Voting machine firm's past questioned
County considers Diebold because it promises timely delivery


Sunday, February 05, 2006

By Jerome L. Sherman, Pittsburgh Post-Gazette

Diebold Inc., a multibillion dollar company that soon may sell 5,600 touch-screen voting machines to Allegheny County, has seen its share of public relations nightmares.

In 2003, then-chief executive officer Wally O'Dell -- a top fund-raiser for President Bush's re-election campaign -- sent out a letter to Ohio Republicans promising that he was "committed to helping Ohio deliver its electoral votes to the President next year."

Over the next several years, some computer experts and election officials pointed out potential security flaws with the company's machines, and cries of conspiracy and fraud circulated in the press and on the Internet.

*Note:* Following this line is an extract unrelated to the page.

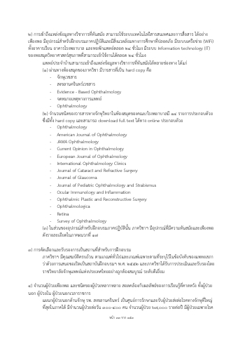 (๒) จํานวนชนิดของวารสารทางจักษุวิทยาในห้องสมุดของคณะ/โรงพยาบาลมี ๑๔ รายการประกอบด้วย ซึ่งมีทั้ง hard copy และสามารถ download full text ได้ทาง online ประกอบด้วย
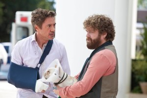 Robert Downey, Jr. as an obsessive-compulsive asshole sparring with Zach Galifianakis as Zach Galifianakis promises all sorts of transgressive fun, and Todd Phillips (The Hangover), the meister of low-down dude comedy, would seem the perfect catalyst, but one can only take so many jokes involving corrupt Mexican law enforcers, marijuana dependency, and child abuse before one wonders why all this envelope-pushing is at the service of such a generic story. Peter (Downey), a frazzled architect anxious to get back to L.A. to attend the birth of his first child, and Ethan (Galifianakis), a wannabe sitcom actor and good-natured simpleton, both get kicked off a flight out of Atlanta when the latter provokes the former with the help of a French bulldog. Forced to make the trip West by rental car, the pair invariably end up at each other’s throats, though Ethan’s throat is a more frequent object of wringing owing to Peter’s acute anger issues. What really cracks Phillips up is America’s preternaturally rude service industry employees (except dope dealers), especially when they’re in wheelchairs. (photo: Warner Bros. Entertainment)

Diebold, based in North Canton, Ohio, reacted by ordering all employees involved with its elections division, including Mr. O'Dell and other top company officials, to refrain from participating in any political activities beyond voting. Its machines also performed just as well, if not better, than those built by competitors.


...snip

"Obviously we've read a lot of the allegations that people are talking about," Angela Chan, the department's deputy director, told the elections board last week. "Obviously we cannot base our decision on hearsay or what's on the Internet."

But, until this new generation of voting machines holds up in several elections, doubts will linger. There have been no reported instances of fraud. That doesn't comfort some people, like Verified Voting's Dr. Dill.

"It would be very, very hard to prove," he said of potential attempts to tamper with elections. "Every computer scientist I talk to reports a queasy feeling when voting on these machines."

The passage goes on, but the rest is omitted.